(En) Meret Oppenheim (1913–1985) is undoubtedly one of the most significant artists of the twentieth century.
She painted and drew, worked with sculpture, created design and fashion objects, wrote poetry, designed stage sets and jewellery, and worked as a photographer and model.
While she is currently regarded by many as a prominent example of (French) Surrealism, she eludes stylistic classification and cannot be reduced to any predictable lines of artistic development. Oppenheim resisted dominant opinions, genre boundaries, and fixed ideas about artistic creation.
Experimentation was front and centre for her: curiosity, the joy of the unknown and the new. She would have found it unthinkable to create serial works, use recurring tropes, limit herself, or to repeat the same thing time and again. Engaging with gender issues as well as the associated social and artistic ideas were also key to her practice; as a woman artist in a field (now as ever) dominated by men, her own gender was not only a motif in her artistic expression, but also in her own personal and political activities. Her critical, emancipatory, and non-conformist attitude made her a role model and figure of identification for many subsequent artists, then and now.
Meyer Riegger is delighted to be able to present a selection of her works as part of Gallery Weekend Berlin 2022.
Meret Oppenheim arrived in Paris in 1932. She quickly became part of the contemporary art scene in the French capital, regularly participating in exhibitions with Alberto Giacometti, Pablo Picasso, Jean Arp, André Breton, and Max Ernst. It was during this time that Man Ray created his famous nude photo series Erotique-voilée—which shows a 20-year-old Oppenheim stood behind a piece of heavy machinery, ‘dressed’ in no more than black printer’s ink.
Oppenheim’s early artistic work concentrated largely on scrawl-like drawings, enigmatic paintings, uncanny objects, collages, and designs for jewellery and other fashion accessories. It was in 1936 that her perhaps best-known and iconically Surrealist work, Le Déjeuner en fourrure, was created: a cup, a saucer, and a small spoon covered in fur. After its first presentation at Galerie Cahiers d’Art, the object was included in the groundbreaking ‘Fantastic Art, Dada, Surrealism’ exhibition at MoMA (1936–37) before being purchased for the museum by its then director, Alfred Barr.

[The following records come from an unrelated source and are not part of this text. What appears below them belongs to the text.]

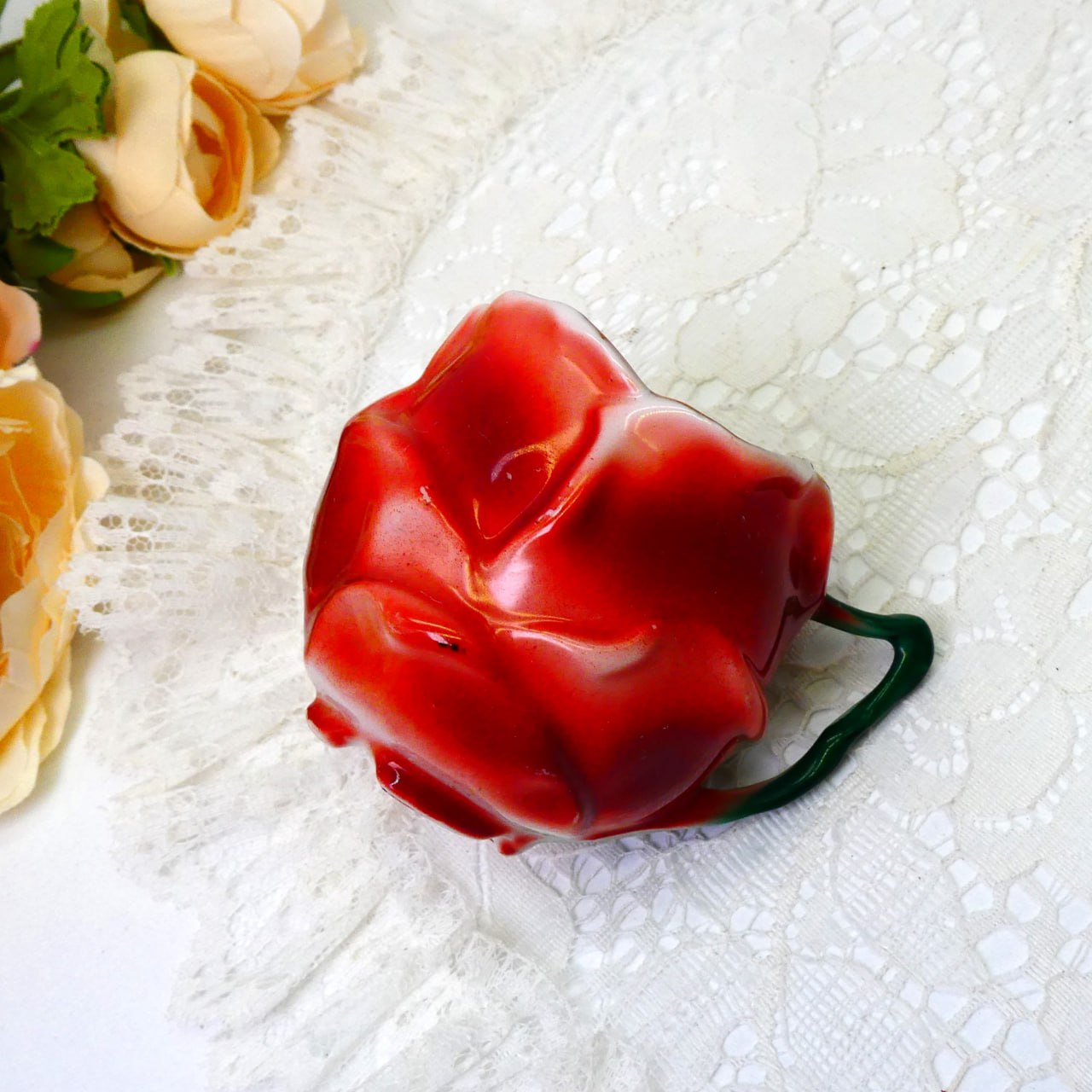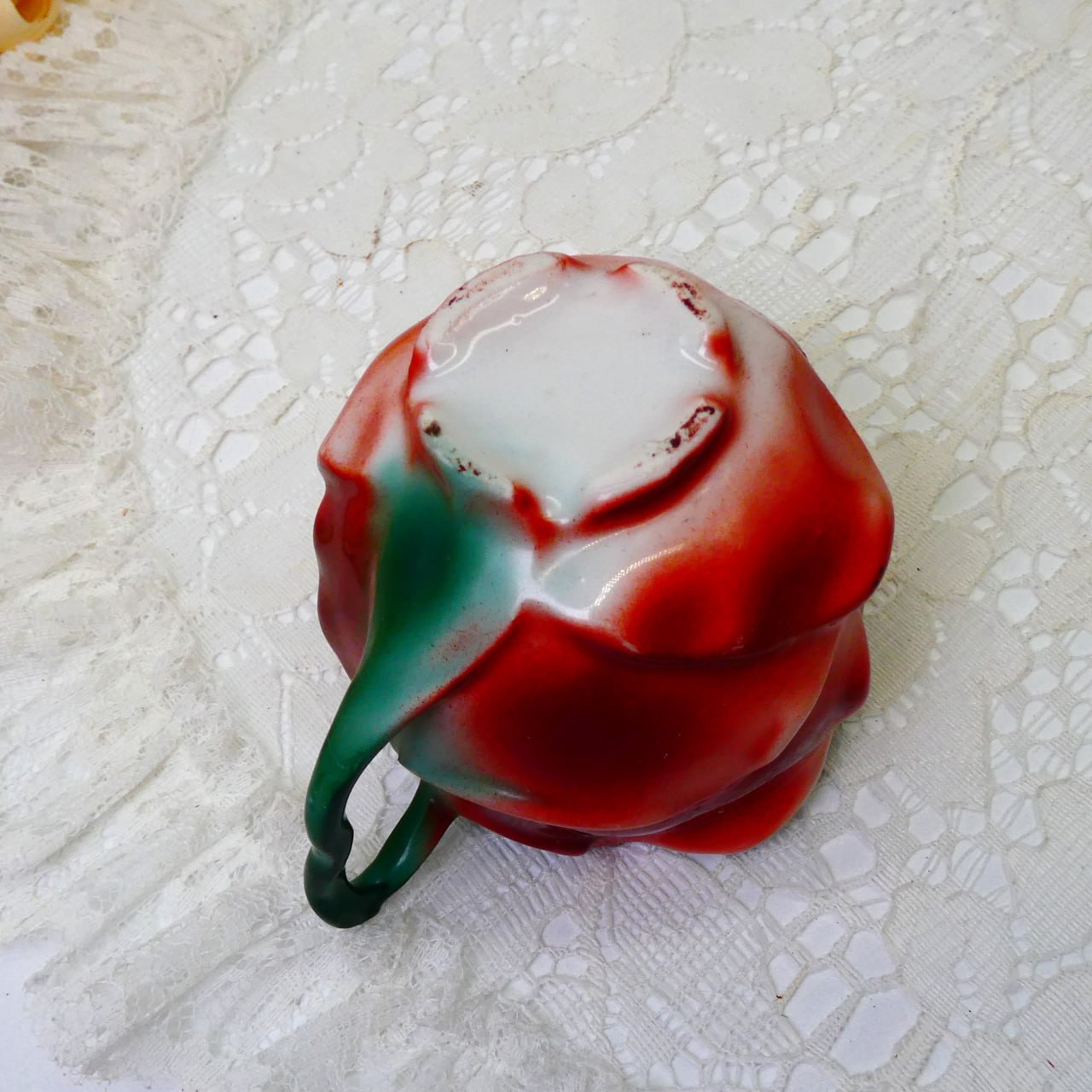Антикварная чашечка в виде бутона розы. Очаровательная вещица! По позолоте небольшие потертости, на поверхности пара черных точек.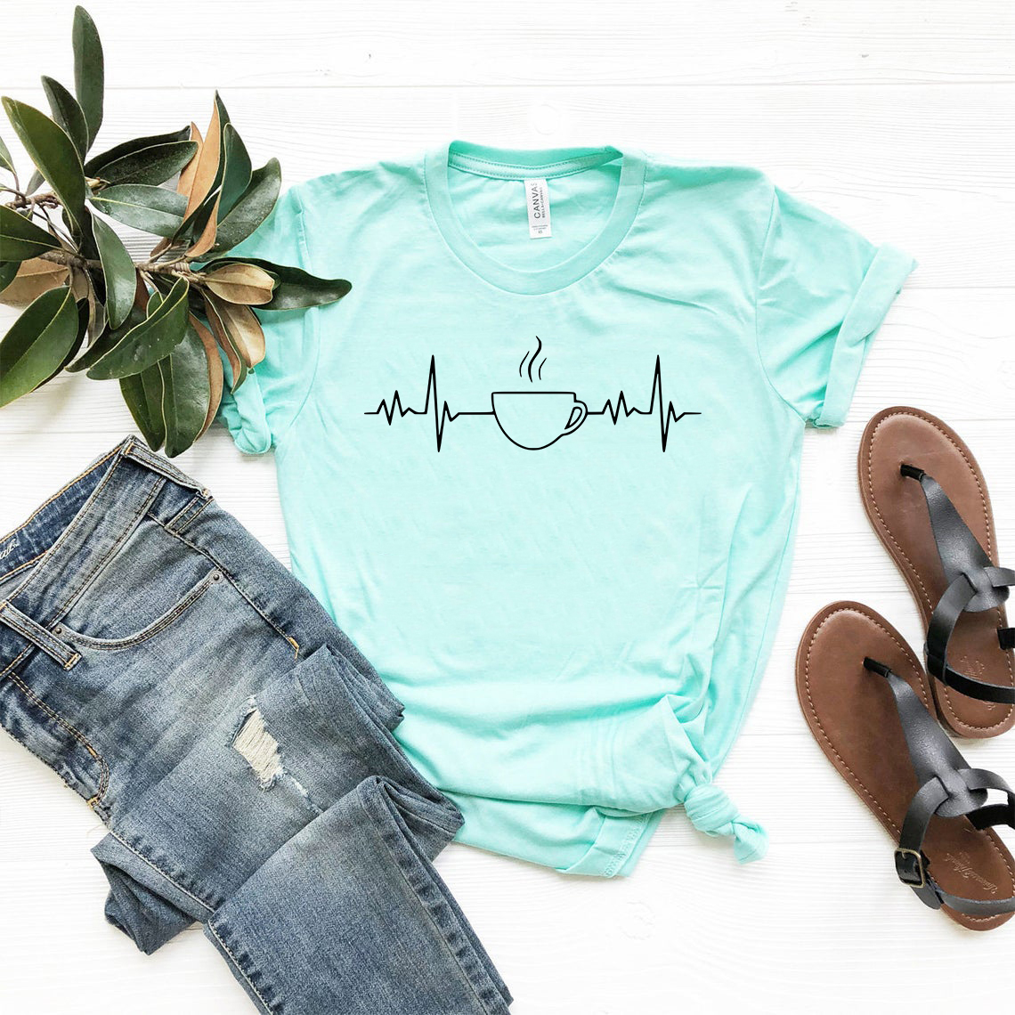 The Coffee Heartbeat design is printed with high-quality inks that ensure longevity and vibrancy. The print is designed to withstand the test of time, so you can wear your shirt confidently, knowing that the design will remain intact even after multiple washes.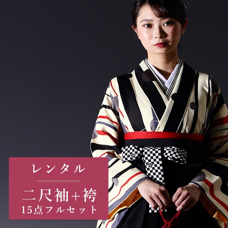卒業式 着物 袴 15点セット 二尺袖 卒業袴 クリーム|ブラック ストライプ|水玉 g410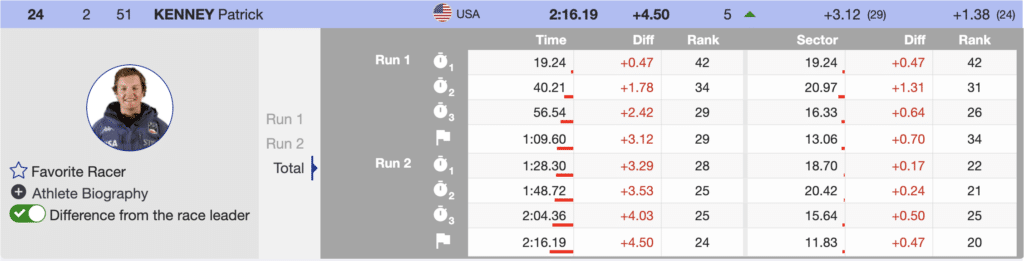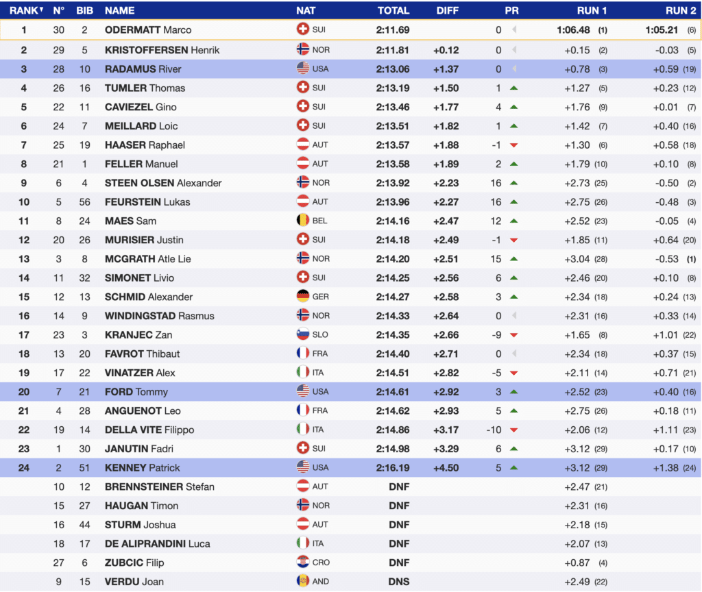 Patrick Kenney, an independent skier from the USA, raced second on the final course. Today marked the first time he qualified for a second run. As is often the case in this situation, it can be difficult to confidently ski freely, knowing that you must finish the second run to earn your first World Cup points. However, Kenney found the finish line and scored for the first time. It is undoubtedly a reason to celebrate. Kenney finished the race last of the finishers but with seven World Cup points.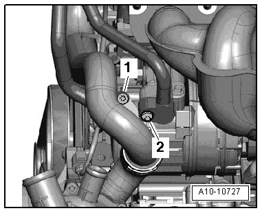 - Remove the bolts - 1 and 2 - and the refrigerant lines from the A/C compressor => [ Refrigerant Lines, Disconnecting from Compressor and Connecting ] Refrigerant Circuit.

For the now world-famous young artist, this was followed by a prolonged crisis of creativity and identity. She felt too neutered as a mere muse—reduced to her objet trouvé. She moved to a studio in Bern, where she found a new climate that was highly fruitful for her artistic work.
Although she broke with the Parisian Surrealists, many ideas that were central to the early twentieth century remained immanent in her work. Bridging genres and combining materials—drawings, paintings, sketches, designs, fashion and jewellery, furniture and textiles—her works are fantastical and fanciful, poetic and ironic, humorous and earnest. It’s always a game: combinations of colour and form, various materials, sensations and alienation. Her works are at times possessed of a geometric clarity, at others of a lyrical abstraction.

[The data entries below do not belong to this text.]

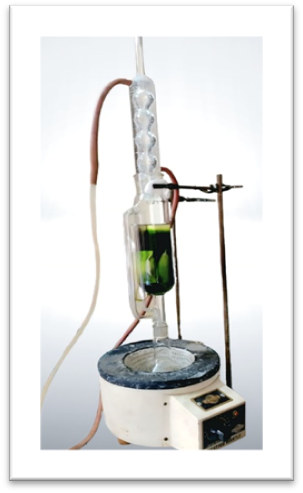 25 grams of finely powdered T. Procumbens leaves are packed in a thimble and placed in the soxhlet apparatus. And pour some amount of ethanol into it. Add 150 ml of ethanol to RBF. Finally, the solvent is boiled to its boiling point, while the condenser is kept cool with a chilled water recirculation. The extraction was carried out for 12 h at 80°C. Later on, the extract was filtered, and the filtrate was kept in the refrigerator for use.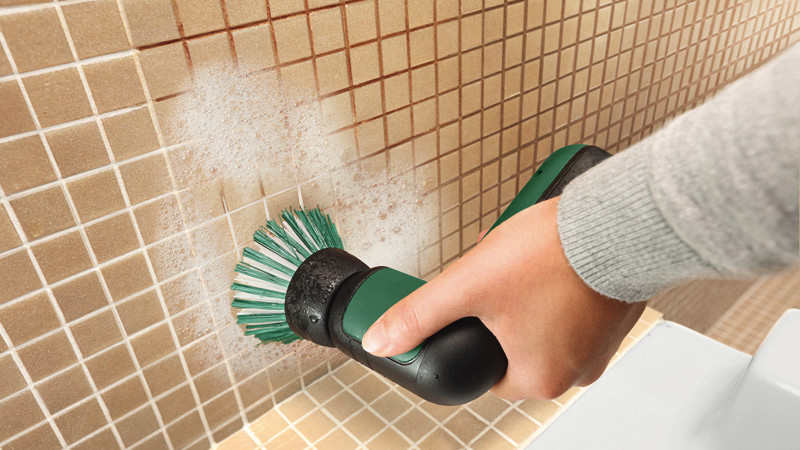 Akku-Reinigungsbürste Bürste. Entfernt hartnäckigen Schmutz schnell, mühelos und einfach. Die perfekte Hilfe für anspruchsvolle Reinigungsarbeiten. Für Waschbecken, Fliesen und Fugen in Bad und Küche. Reinigung von Felgen, Terrassenmöbeln und Fliesenfugen im Außenbereich. Nachhaltiges Design: wiederverwendbar und spülmaschinenfest bis 50 °C. Borstenbürste (1 600 A02 3KW). Kartonschachtel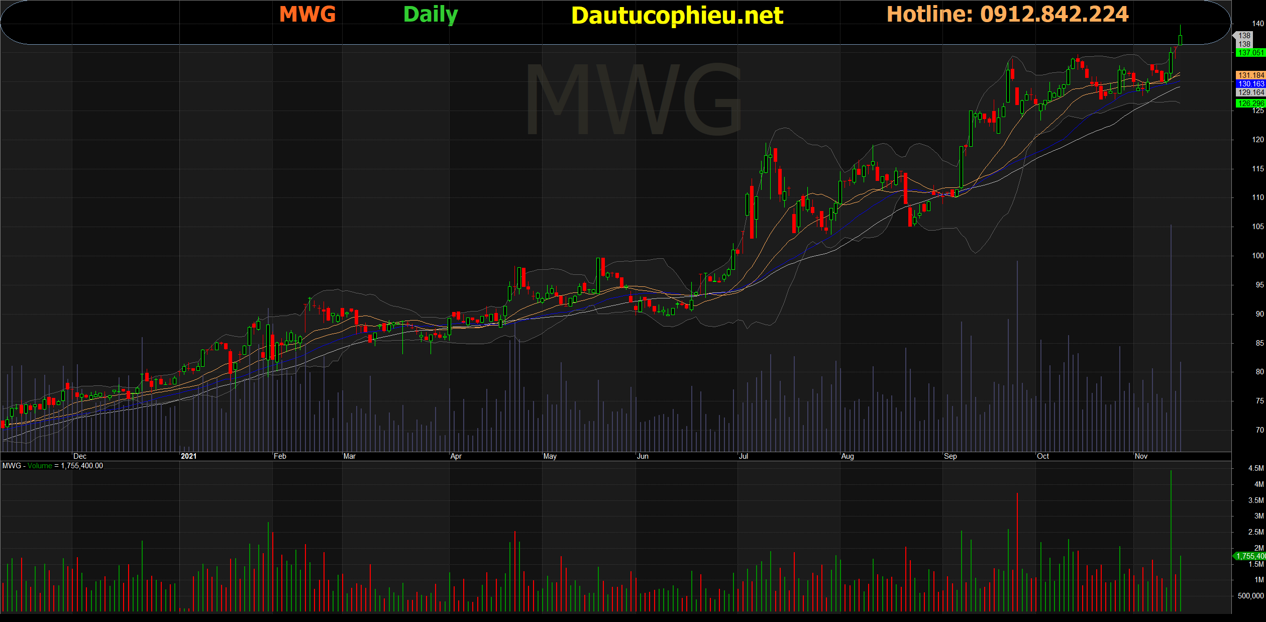 Đồ thị cổ phiếu MWG phiên giao dịch ngày 15/11/2021. Nguồn: AmiBroker
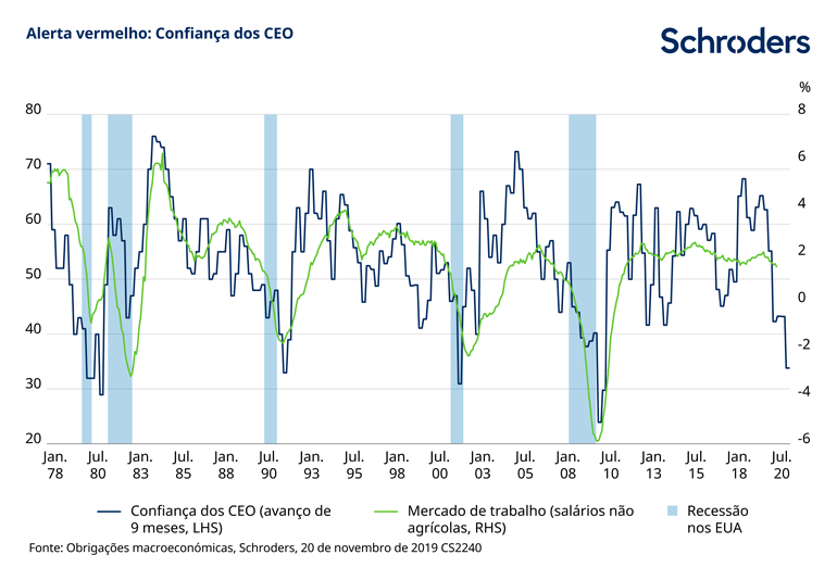 Este documento destina-se apenas a fins informativos. O material não deve ser interpretado como uma oferta ou solicitação à compra ou venda de qualquer instrumento financeiro ou título ou para adotar qualquer estratégia de investimento. A informação facultada não pretende ser consultoria de investimento, recomendação de investimento ou análise sobre investimentos e não tem em conta as circunstâncias específicas de qualquer destinatário. O material não se destina a fornecer nem deverá servir de base a aconselhamento contabilístico, jurídico ou fiscal. As informações contidas neste documento são consideradas fiáveis, mas a Schroders não garante a integralidade ou exatidão das mesmas. Não se aceita qualquer responsabilidade por erros de facto ou opinião. Os pontos de vista e informações contidos neste documento não devem servir de base a decisões de investimento individuais e/ou estratégicas.
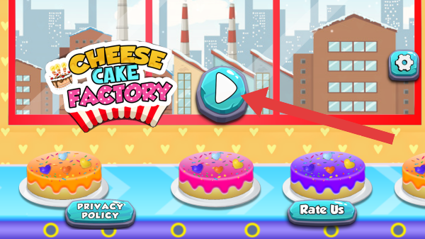 1、实体信息有:标题、播放按钮(开始游戏)、“PRIVACYPOLICY”“RateUs”按钮、设置图标,玩法是经营芝士蛋糕工厂,制作、售卖蛋糕。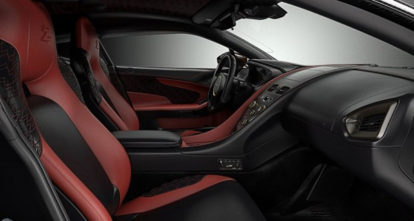 内饰设计部分,Vanquish Zagato概念车采用黑色和红色搭配,中控台面板呈现出碳纤维的风格。在头枕、车门门槛、座椅缝线上也都有“Z”字标识。

Starting in the late 60s, Meret Oppenheim began to be rediscovered internationally via solo and group exhibitions. In 1967 Moderna Museet in Stockholm showed her first retrospective. Her questioning of gender roles, which in Paris was still seen as a patriarchally determined femininity, culminated in a comprehensive theory of androgyny, set explicitly against a ‘feminine’ art: ‘In the spiritual realm there is no difference between men and women, the difference exists only in the animalistic—for the spirit is androgynous.’ It is this attitude that later made her a guiding light for generations of artists.
The exhibition at Meyer Riegger, Berlin, shows a broad spectrum of Meret Oppenheim’s work. The poetic series Parapapillonneries (1976), with six coloured lithographs and a poem by André Pieyre de Mandiargues, presents the lifecycle of a butterfly like a cinematic storyboard. The drawings in Designs for Porcelain Objects (1970) seems to have come to life in the group of sculptures titled Six Primitive Animals and a Sea Snail Shell (1978). Newspaper in the Forest (1973) has the appearance of a crossword; there is a temptation to fill in the empty spaces on the page with letters, to try and solve the puzzle, and the work’s pasted-on wool immediately evoke associations with Le Déjeuner en fourrure.
Many of the works exhibit a central motif of Oppenheim’s art: celestial bodies and objects such as clouds, stars, moons, and suns. A cat-like animal travels in a satellite capsule (Le jeune prince II, 1968); or we see vague Stars behind Clouds (1967).
Alongside numerous drawings and lithographs, the exhibition covers sculptural works such as Er sieht sich um (He Turns Round) (1971) and Table with Bird’s Feet (1939), alongside two important editions: Primeval Venus (1993, 1978) and The Ear of Giacometti (1933, 1977).